Tüpçü medya patronu, Milliyet ve Vatan gazetelerinin sahibi Erdoğan Demirören oluyor...
Bu nitelemeyi, en son Sözcü gazetesi yazarı Necati Doğru kullandı ve Demirören’i çıkarcılıkla, yalakalıkla, iktidara göbek bağıyla bağlı olmakla suçladı.
Sonra da, Demirören’in müesseselerinden kovulmuş gazetecilerin tam listesini sundu.
Bu iddialara (suçlamalara) Milliyet ve Vatan yetkililerinin bir cevabı var mı?

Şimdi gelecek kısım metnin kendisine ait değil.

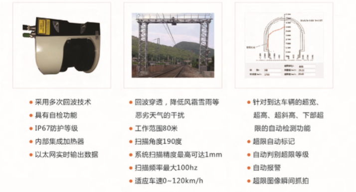 鐵路貨車超限檢測系統(tǒng)是保障鐵路貨運運輸安全的重要設(shè)備。系統(tǒng)通過實時檢測列車裝載狀態(tài),依 據(jù)鐵路超限超重貨物運輸規(guī)則》自動判斷貨物是否超限,以及超限的尺寸、超限等級、部位等。當檢測 到超限車輛時,通過報警提示用戶注意,并提供超限部位圖像信息,以便人工查驗。

Necati Doğru’nun, zaman zaman “eleştiri sınırlarının” ötesine geçen tahfif ve tahkirlerine çiçeği burnunda medya patronu Erdoğan Demirören ne diyor?
Biz duhul etmeyelim, meselelerini kendi aralarında halletsinler.
Necati Doğru’nun “tüpçü medya patronu” ifadesinde, evet, bir küçümseme ve aşağılama çabası var...
Muhterem Aydın Doğan’a da, muarızları (yani Aydın Bey’in gadrine uğramış yazarlar) “oto yedek parçacısı” yakıştırmasında bulunmuşlardı...
Bir mesleğin ya da iştigal alanının, aynı zamanda “tahkir” ve “suçlama” niyetine kullanılması, memleketimize özgü bir hoşluk olsa gerek...
İncitme çabasıyla yazıya kalkıştığı besbelli Necati Doğru, örneğin, muhterem Aydın Doğan için de (çünkü o da mebzul miktar yazar kovdurmuştur) “oto yedek parçacısı” nitelemesini kullanabilir mi? Ya da eski patronu Dinç Bilgin için, “madenci” ya da “müflis bankacı” diyebilir mi?
Diyebilmiş mi?
Bir zamanlar para aldığı kişilere diyemediği bir şeyi, bundan sonra para alamayacağı bir kişiye demesi, Necati Doğru’nun kalitesini gösterir.
Neyse, Necati Doğru’yu kendi ahlakıyla baş başa bırakıp, yazısında gündeme getirdiği hususları tartışalım.
Ki, haklı olduğu yerler de var.
Necati Doğru özetle medya patronlarının siyasi iktidarlarla ticari ilişkiye girmemelerini, bunun basın özgürlüğü açısından yanlış olacağını söylüyor. (Sevabına ben özetledim, çünkü Necati Doğru’nun bir şeyi dosdoğru anlatma niyeti yok, sadece hakaret ediyor...)
Ben de bir ilavede bulunmak istiyorum:
Başka alanlarda “para” ve “başarı” kazanmış kişiler, medya imkânını ticari işlerinde manivela olarak kullanacaklarsa, hele siyasi iktidara hoş görünmek için ha babam gazeteci ve yazar kovacaklarsa, bu sektöre hiç girmesinler.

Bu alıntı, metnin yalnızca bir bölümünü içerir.